╭──

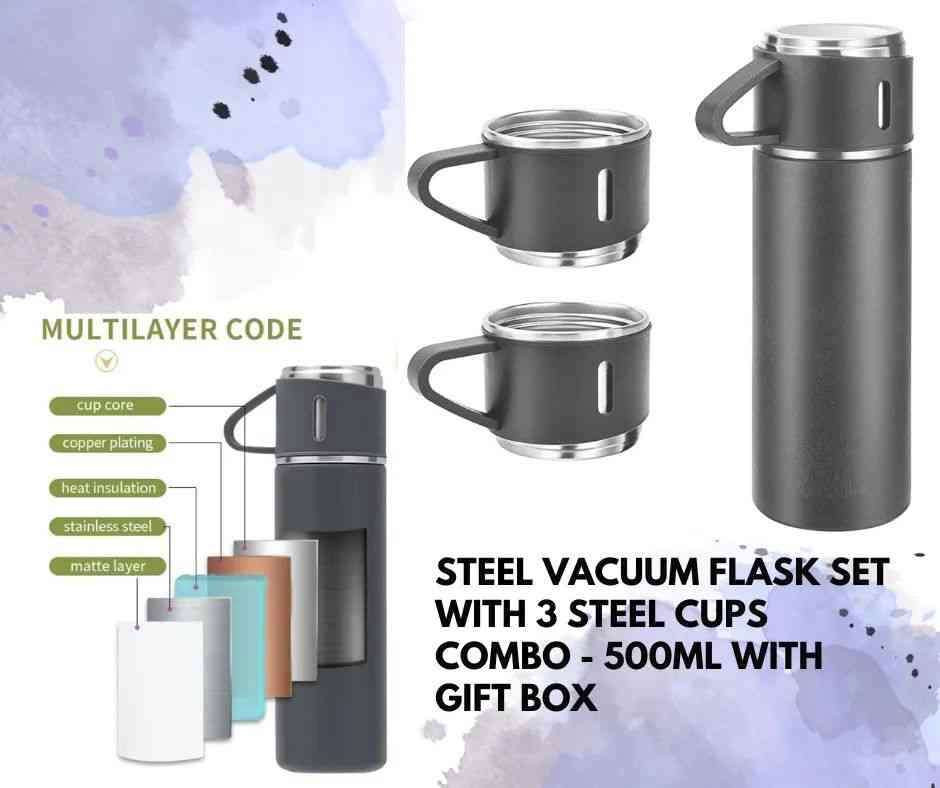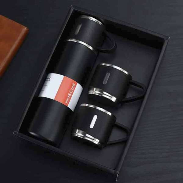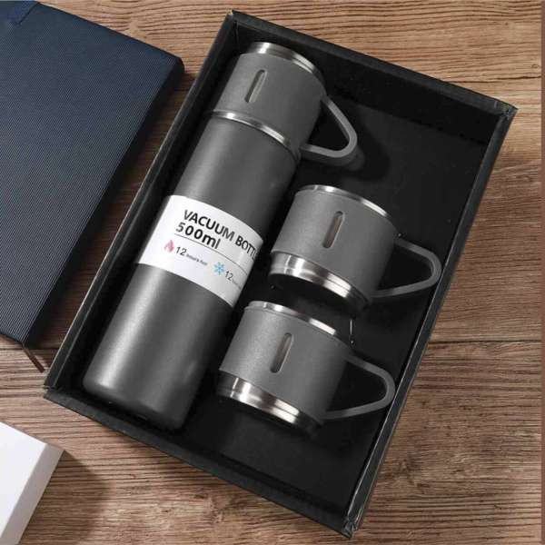 - Vacuum Insulated Bottle or Vacuum Flask in 500ml with Cup Cover plus 2 extra Stainless Cups in a Gift Box (3cups).
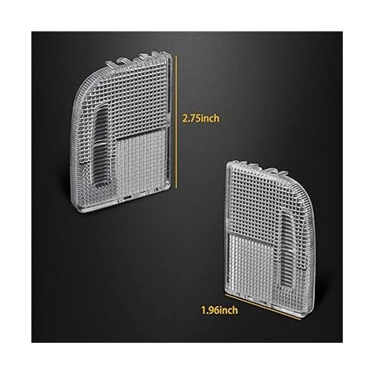 El paquete incluye: 1 par de lentes de luz de mapa de techo transparentes esmeriladas para consola superior de techo, cabina de techo, cubierta de luces de cúpula transparente esmerilada, bombillas o enchufes no incluidos
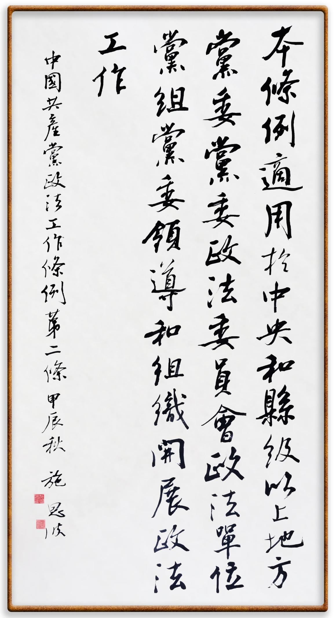 《中國(guó)共產(chǎn)黨政法工作條例》對(duì)黨領(lǐng)導(dǎo)新時(shí)代政法工作進(jìn)行全面制度擘畫,為黨領(lǐng)導(dǎo)政法工作提供基本遵循,具有重大而深遠(yuǎn)的意義。為學(xué)習(xí)好、宣傳好、貫徹好、實(shí)施好這部黨內(nèi)法規(guī),繼《中華人民共和國(guó)民法典》《中華人民共和國(guó)憲法》《信訪工作條例》《中華人民共和國(guó)澳門特別行政區(qū)基本法》《中華人民共和國(guó)香港特別行政區(qū)基本法》等法律法規(guī)之后,“書·法”系列活動(dòng)將筆端對(duì)準(zhǔn)《中國(guó)共產(chǎn)黨政法工作條例》。

╰──

* **TASK ITEM**
Set down all the lines above exactly as they appear, with no pictures.

* **PROBLEM SOLUTION**
 - Vacuum Insulated Bottle or Vacuum Flask in 500ml with Cup Cover plus 2 extra Stainless Cups in a Gift Box (3cups).
 El paquete incluye: 1 par de lentes de luz de mapa de techo transparentes esmeriladas para consola superior de techo, cabina de techo, cubierta de luces de cúpula transparente esmerilada, bombillas o enchufes no incluidos
 《中國(guó)共產(chǎn)黨政法工作條例》對(duì)黨領(lǐng)導(dǎo)新時(shí)代政法工作進(jìn)行全面制度擘畫,為黨領(lǐng)導(dǎo)政法工作提供基本遵循,具有重大而深遠(yuǎn)的意義。為學(xué)習(xí)好、宣傳好、貫徹好、實(shí)施好這部黨內(nèi)法規(guī),繼《中華人民共和國(guó)民法典》《中華人民共和國(guó)憲法》《信訪工作條例》《中華人民共和國(guó)澳門特別行政區(qū)基本法》《中華人民共和國(guó)香港特別行政區(qū)基本法》等法律法規(guī)之后,“書·法”系列活動(dòng)將筆端對(duì)準(zhǔn)《中國(guó)共產(chǎn)黨政法工作條例》。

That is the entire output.